╭─ Given information

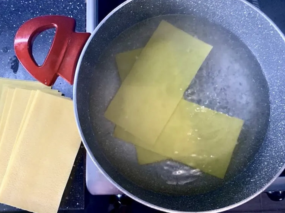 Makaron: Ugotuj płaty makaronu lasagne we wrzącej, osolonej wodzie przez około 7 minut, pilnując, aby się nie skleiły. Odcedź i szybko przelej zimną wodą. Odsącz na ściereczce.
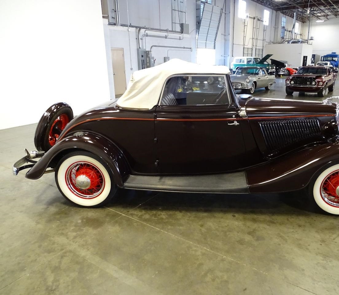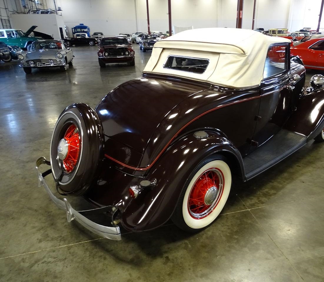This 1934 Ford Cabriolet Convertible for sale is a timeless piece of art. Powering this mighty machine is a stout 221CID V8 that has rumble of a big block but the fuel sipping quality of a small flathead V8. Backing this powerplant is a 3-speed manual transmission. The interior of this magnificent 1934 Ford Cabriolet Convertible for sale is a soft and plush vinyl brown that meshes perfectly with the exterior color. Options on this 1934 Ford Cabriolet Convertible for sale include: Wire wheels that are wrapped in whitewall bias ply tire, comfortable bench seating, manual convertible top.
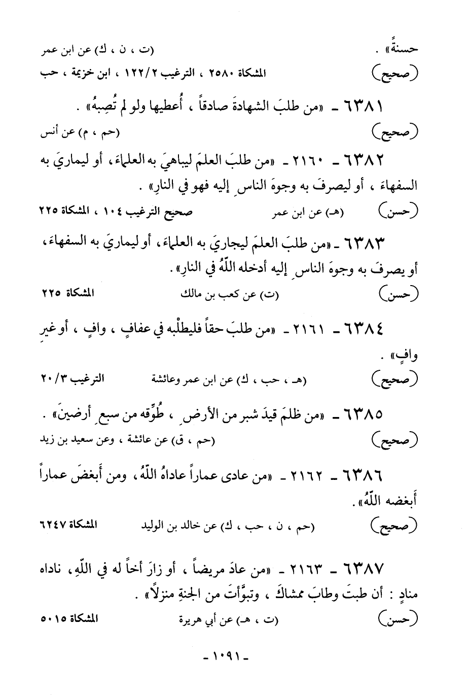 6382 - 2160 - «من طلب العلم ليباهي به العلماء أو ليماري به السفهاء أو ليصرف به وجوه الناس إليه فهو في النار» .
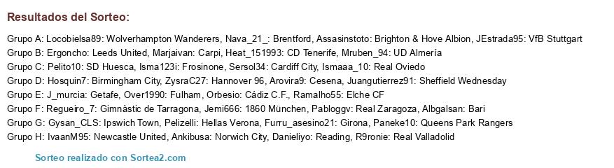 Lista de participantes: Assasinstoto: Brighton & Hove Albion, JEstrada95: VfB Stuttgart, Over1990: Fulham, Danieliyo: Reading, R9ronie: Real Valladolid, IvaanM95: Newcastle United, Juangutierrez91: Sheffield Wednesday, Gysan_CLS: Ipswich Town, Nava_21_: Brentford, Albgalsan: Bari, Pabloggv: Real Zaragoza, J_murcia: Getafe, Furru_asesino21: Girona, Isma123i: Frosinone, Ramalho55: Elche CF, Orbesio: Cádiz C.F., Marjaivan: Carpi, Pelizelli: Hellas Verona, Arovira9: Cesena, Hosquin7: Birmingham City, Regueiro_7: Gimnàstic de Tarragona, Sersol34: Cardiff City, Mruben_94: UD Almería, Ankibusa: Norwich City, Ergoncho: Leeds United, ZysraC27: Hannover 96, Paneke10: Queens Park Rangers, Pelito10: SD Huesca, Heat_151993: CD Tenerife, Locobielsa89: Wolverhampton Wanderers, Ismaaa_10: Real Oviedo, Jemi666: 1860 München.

╰─

- Your goal:
In transcribing the material above, reproduce each line exactly and include none of the pictures.

- Reply to the task:
 Makaron: Ugotuj płaty makaronu lasagne we wrzącej, osolonej wodzie przez około 7 minut, pilnując, aby się nie skleiły. Odcedź i szybko przelej zimną wodą. Odsącz na ściereczce.
This 1934 Ford Cabriolet Convertible for sale is a timeless piece of art. Powering this mighty machine is a stout 221CID V8 that has rumble of a big block but the fuel sipping quality of a small flathead V8. Backing this powerplant is a 3-speed manual transmission. The interior of this magnificent 1934 Ford Cabriolet Convertible for sale is a soft and plush vinyl brown that meshes perfectly with the exterior color. Options on this 1934 Ford Cabriolet Convertible for sale include: Wire wheels that are wrapped in whitewall bias ply tire, comfortable bench seating, manual convertible top.
 6382 - 2160 - «من طلب العلم ليباهي به العلماء أو ليماري به السفهاء أو ليصرف به وجوه الناس إليه فهو في النار» .
 Lista de participantes: Assasinstoto: Brighton & Hove Albion, JEstrada95: VfB Stuttgart, Over1990: Fulham, Danieliyo: Reading, R9ronie: Real Valladolid, IvaanM95: Newcastle United, Juangutierrez91: Sheffield Wednesday, Gysan_CLS: Ipswich Town, Nava_21_: Brentford, Albgalsan: Bari, Pabloggv: Real Zaragoza, J_murcia: Getafe, Furru_asesino21: Girona, Isma123i: Frosinone, Ramalho55: Elche CF, Orbesio: Cádiz C.F., Marjaivan: Carpi, Pelizelli: Hellas Verona, Arovira9: Cesena, Hosquin7: Birmingham City, Regueiro_7: Gimnàstic de Tarragona, Sersol34: Cardiff City, Mruben_94: UD Almería, Ankibusa: Norwich City, Ergoncho: Leeds United, ZysraC27: Hannover 96, Paneke10: Queens Park Rangers, Pelito10: SD Huesca, Heat_151993: CD Tenerife, Locobielsa89: Wolverhampton Wanderers, Ismaaa_10: Real Oviedo, Jemi666: 1860 München.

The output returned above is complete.